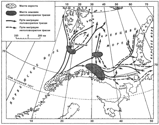 Нерестовые миграции – массовое передвижение рыб к местам нереста. Треска зимой и весной уходит к берегам Норвегии на нерест. Треска идет на нерест к Лофонтенским островам. Морская камбала идет на нерест от берегов на глубину.
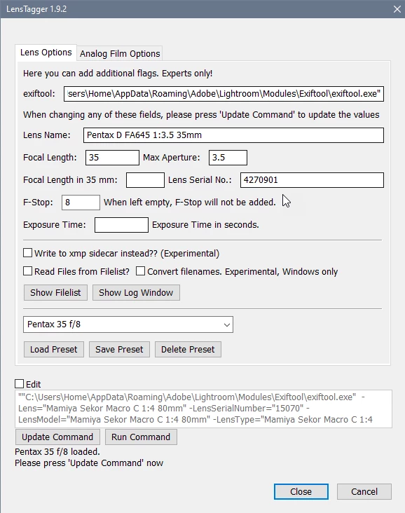 Can I manually add/update my camera & lens serial numbers to ACR 15.5, Lightroom Classic 12.5, Bridge V 13.0.4.755 and Photoshop 24.7.0 EXIF?
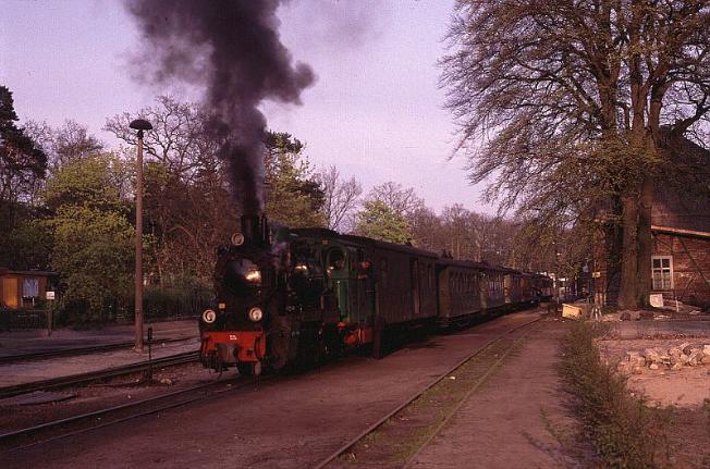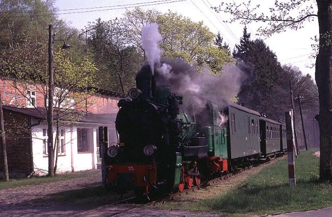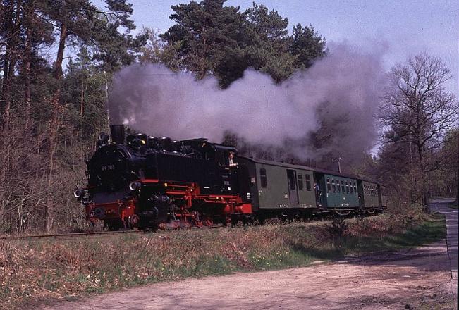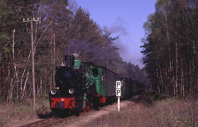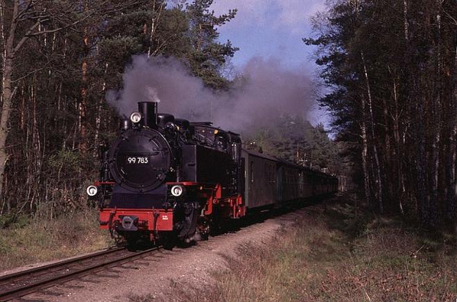 | No.99-783 working an afternoon train through the woods near Baabe, a short distance out of Gohren. By this time of the day the sun is very firmly on the smokebox |

──────────

Print the whole listing again exactly, please. No pictures.

◆ ANSWER FOR THIS EXERCISE:
 Нерестовые миграции – массовое передвижение рыб к местам нереста. Треска зимой и весной уходит к берегам Норвегии на нерест. Треска идет на нерест к Лофонтенским островам. Морская камбала идет на нерест от берегов на глубину.
 Can I manually add/update my camera & lens serial numbers to ACR 15.5, Lightroom Classic 12.5, Bridge V 13.0.4.755 and Photoshop 24.7.0 EXIF?
 | No.99-783 working an afternoon train through the woods near Baabe, a short distance out of Gohren. By this time of the day the sun is very firmly on the smokebox |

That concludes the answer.